Mustafa bu öyküyü anlattı ve Sevil sesledi. Kız derin derin düşündü. Demek ki, gömleğin sırrı buymuş. Demek ki, o bir tarlaya atılmıştı, ama bulunmuş ve sevilmişti.

"Teşekkür ederim, babam" dedi Sevil, "sen o günden bugüne kadar beni sevdin. Ve teşekkür ederim ki, senin kızın olarak yaşayabilirim; sen benim için çok çalıştın. Sen benden ne istiyorsun?"

Şimdi derin düşünmek sırası Mustafa'daydı. Şöyle cevap verdi: "İstiyorum, hep benim kızım olasın. Benim gibi sen de başkalarına acıyasın, değil kendin için, başkaları için yaşayasın, güvenilir ve verdiğin sözünde duran biri olasın, bunu senden istiyorum."

Mustafa normal bir insandı, Sevil de normal genç bir kızdı. Aralarında her gün her şey hep iyi değildi. Anlaşmazlıklar, gerginlikler, sevgisiz sözler de bazen oluyordu. Ama Sevil o eski gömleği bulmuştu, onun sırrını öğrenmişti, bunun için babasına olan tutumu değişmişti. Öyle günler oluyordu ki, Sevil, içinde babasına karşı büyük bir gönül borcu duyuyordu. Böyle günlerde, Sevil dolaptan eski beyaz gömleği çıkarıdı ve dolabın dışında asardı. Gömleği asmakla sanki "Sevgili babam, benim için ‘bu bebeği sevecem ve ona bakacam, o yaşayacak’ diye karar verdin. Bunun için sana çok teşekkür ederim, seni severim" derdi.

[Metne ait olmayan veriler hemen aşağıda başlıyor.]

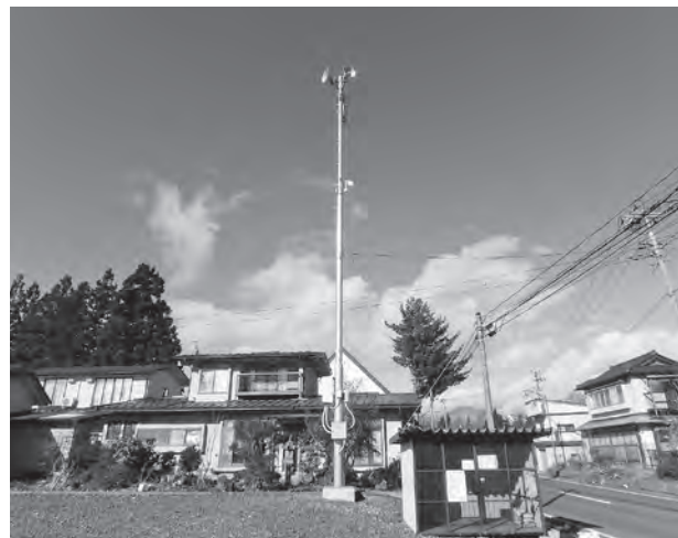
スマートフォンでも確認できる防災無線

町長 屋外拡声子局からの放送では音の伝わる距離、範囲に限界があるので、登録してもらえばスマートフォンなど携帯電話から防災無線の放送内容を受信できるシステムを導入している。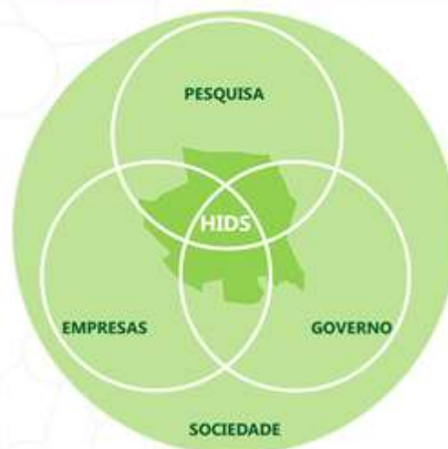
Figura 3: Slide 3

Deve ser um território propício para pesquisa aplicada e direcionada aos temas do desenvolvimento sustentável , com gestão da sustentabilidade, parcerias e conexões para formação de uma rede de colaboração nacional e internacional .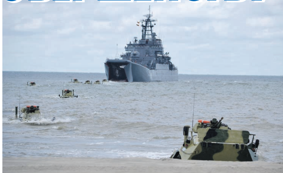
Высадка морского десанта.

Балтийского флота навеки связано с именем его первого командира капитана 1 ранга Ярослава Максимовича Куделькина. В далеком 1961 году он принял под свой флаг только что созданную бригаду, которой суждено было стать главным союзником морской пехоты и основ-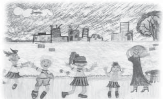
Trabalho feito pela aluna Rebecca com base na visita à Bienal.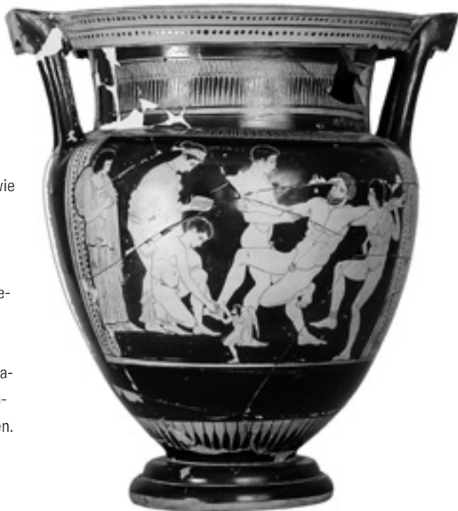
Abb. 1.5: Medea schaut zu, wie Iason mit einem Werkzeug den Stift aus Talos’ Fessel löst, die von einer kleinen, geflügelten Todesgestalt gehalten wird; Talos sinkt in die Arme von Kastor und Polydeukes; rotfiguriger Krater, 450–400 v. Chr., gefunden in Montesarchio, Italien.

Ein früheres Vasenbild (440–430 v. Chr.) auf einem attischen Krater aus Süditalien zeigt Talos als große, bärtige Gestalt mit Gleichgewichtsproblemen, wie er gegen Kastor und Polydeukes kämpft (Abb. 1.5 und 1.6). Diese Szene weist zudem einige auffällige Details auf, die den technologischen Charakter von Talos’ Vivisystem und dessen Zerstörung bestätigen: Wir sehen, wie Iason neben dem rechten Fuß des Roboters kniet und mit einem Werkzeug an dem klei-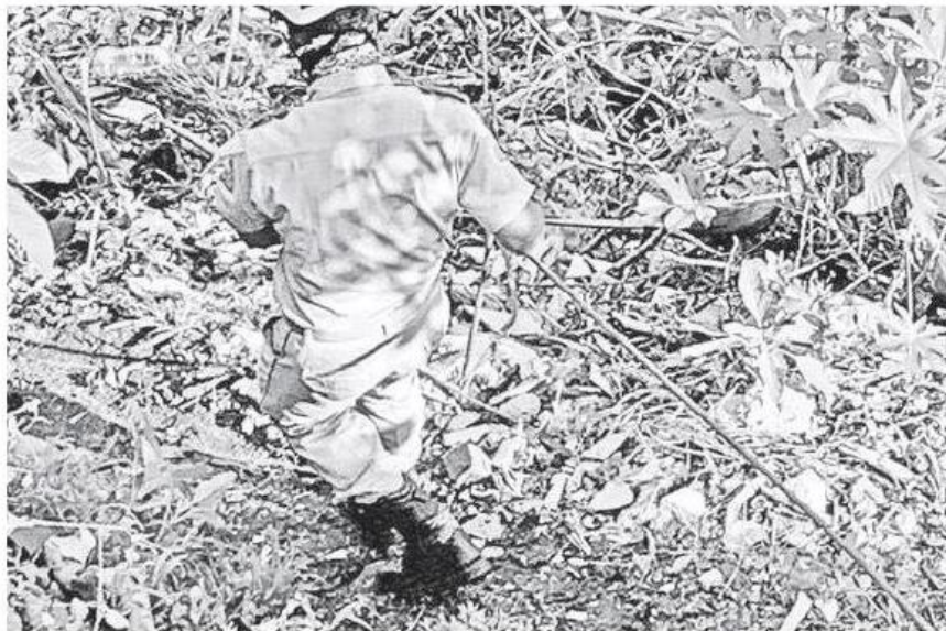
Jornada violenta este domingo en Zona Metropolitana.

El reportante informó que vio a un perro con una extremidad y se acercó al barranco, en donde observó cerca de un arroyo un costal con bolsas negras y extremidades semienterradas, por lo que de inmediato dio aviso a las autoridades. Po-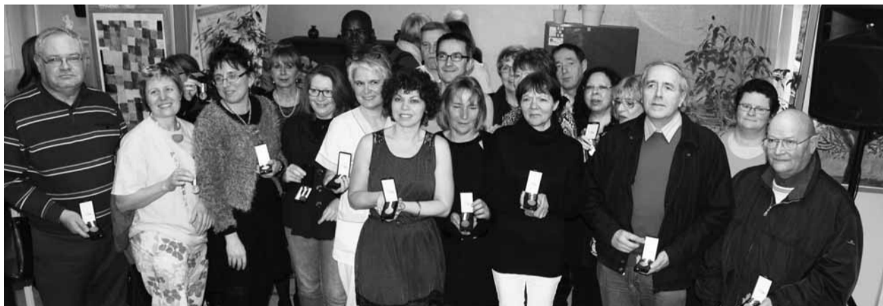
54 agents du CHSE ont été récompensés d'une médaille du travail. 26 ont reçu celle d'argent (20 ans au sein de la fonction publique hospitalière), 21 de vermeil (30 ans) et 7 d'or (35 ans).

→ Cancérologie : une offre de soins renforcée sur les 2 sites. Le CHSE renforce la cancérologie à Dourdan et Etampes avec pour objectif de baisser les délais de prise de rendez-vous. « Un cancérologue réalise des consultations sur les 2 sites. La nouveauté, c'est que désormais tout peut se faire à Etampes mais aussi à Dourdan : consultations spécialisées, bilans, diagnostics et séances de chimiothérapie. Le traitement par chimiothérapie se fait sur un certain nombre de séances. D'où l'importance de pouvoir les effectuer à proximité des lieux de vie. »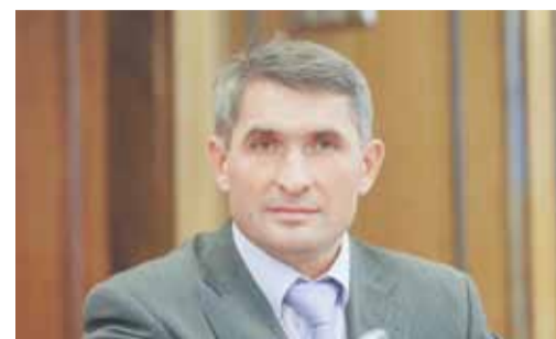
ГОСКОРПОРАЦИИ НЕЭФФЕКТИВНО ИСПОЛЗУЮТ НАРОДНЫЕ СРЕДСТВА, уверен Олег НИКОЛАЕВ, член комитета ГД по бюджету и налогам:

В сумме получается, что «Сколково» не развивает, а губит науку, ведь в стране есть два сорта инновационных организаций – прикормленные государством и им же брошенные. Говорят, что даже при самой уничтожающей критике проект не закроют, чтобы не портить репутацию премьеру Дмитрию Медведеву, который подписывал указ об открытии инновационного центра.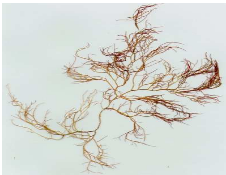
Gambar 2. Morfologi Gracilaria verrucosa.

Rumput laut Gracilaria , merupakan salah satu jenis alga merah yang banyak mengandung gel, dimana gel ini memiliki kemampuan mengikat air yang cukup tinggi. Untuk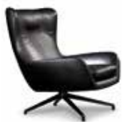
3-4 JENSEN BERGÈRE CM 81X97 H94 POUF CM 62X66 H40

Başka günlerde, sevgisizlik ya da sert sözler olduktan sonra, kana bulaşmış gömleği Mustafa dolabın dışında asardı. Şöyle demek istiyordu: "Bütün olmuş olanlarla beraber seni seviyorum, korkma, sen çok kıymetli kızımsın."

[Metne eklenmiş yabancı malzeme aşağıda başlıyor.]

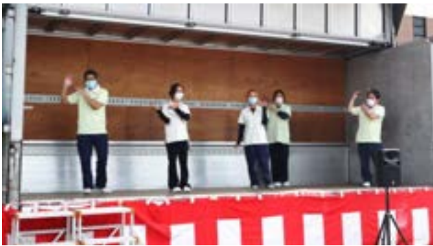
備後の里音頭 (備後の里)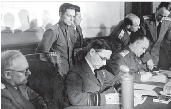
Podpisovanie Aktu o vojenskej kapitulácii Nemecka 8. 5. 1945. Sediaci sprava maršal G. K. Žukov a hlavný maršal britského letectva A. Tedder.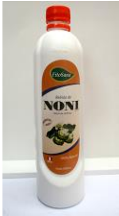
Noni heilt Krebs, Diabetes UND reduziert Übergewicht [11]

Noni ist eine Superfrucht mit über 100 Vitaminen, Mineralien und Enzymen, bewirkt aber auch Gewichtsabnahme. Leute, die also diese Krankheiten haben und gleichzeitig an Übergewicht leiden, die werden dann mit Noni auch ihr Gewicht normalisieren.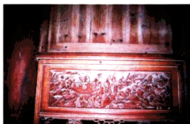
方祈吴四发宅木雕窗衣(民初)

康熙(子翁余老亲台七秩华诞寿序正面序文。此寿屏每块为266cm × 47.2cm × 1.5cm 共计12块。序文1300多字，堆漆画中46个人物。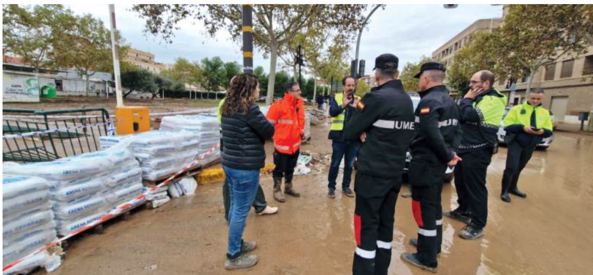
L'alcalde d'Aldaia i membres de la UME al costat del barranc, amb les portes trencades des del 29 d'octubre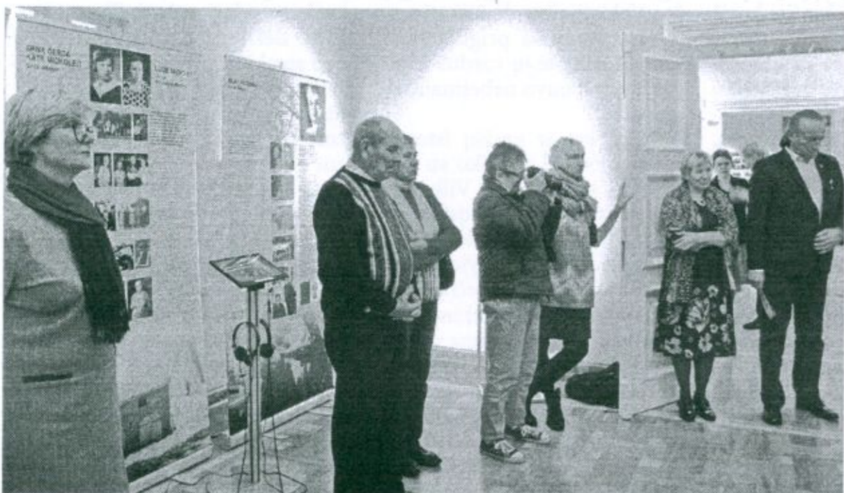
Parodos pristatymas Žemaičių dailės muziejuje.

Ši skaudžius vaikų likimus atskleidžianti paroda bus eksponuojama iki sausio 6 dienos.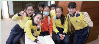
參觀基本法圖書館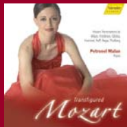
TRANSFIGURED MOZART Transcriptions by Alkan, Friedman, Glinka, Hummel, Raff, Reger & Thalberg CD No.: 98.231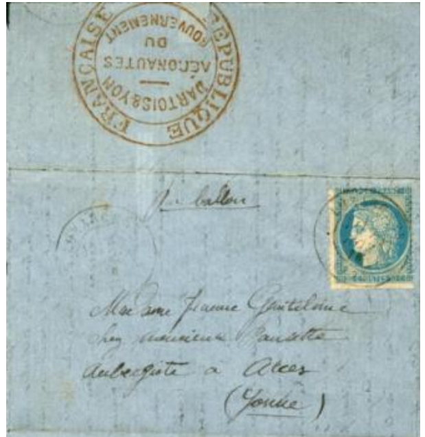
Oblitération cachet à date de Luzarches

Ces quatre plis sont tous à destination d'Arces, pour le même destinataire. Tous les éléments de ces quatre plis sont faux, textes, oblitérations, cachets de la Compagnie des Aéroliers, etc.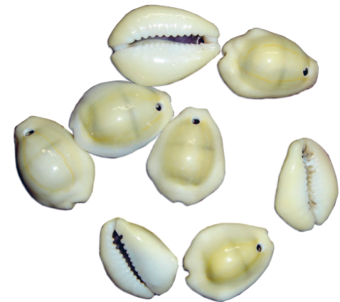
Рис. 1.7. Раковины каури

Во время раскопок на территориях бывшего Новгородского и Псковского княжеств археологами были обнаружены раковины каури, родиной которых являются острова Индийского океана. Эти раковины, формой напоминающие кофейное зерно, в древности играли роль денег в государствах Азии, Африки, были известны в Северном Причерноморье и Поволжье. Возможно, именно они в древнерусских «финансовых документах» обозначены словами «ужовки» или «змеиные головки» (рис. 1.7).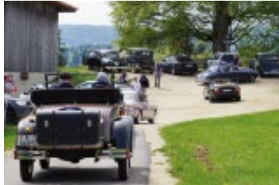
Zürich: Anfahren, Sonntag 29. April 2018

Eski gömleği asmak, Mustafa ile Sevil arasındaki sevgiyi tazelemeye ve kuvvetlendirmeye yarardı. Eski, ama da geçerli olan Mustafa'nın kararını anarlardı. Eski gömleği gördüler mi, Sevil'in o günkü çaresiz durumunu, kurtuluşunu ve babasının sevgi dolu bakımını hatırladılar.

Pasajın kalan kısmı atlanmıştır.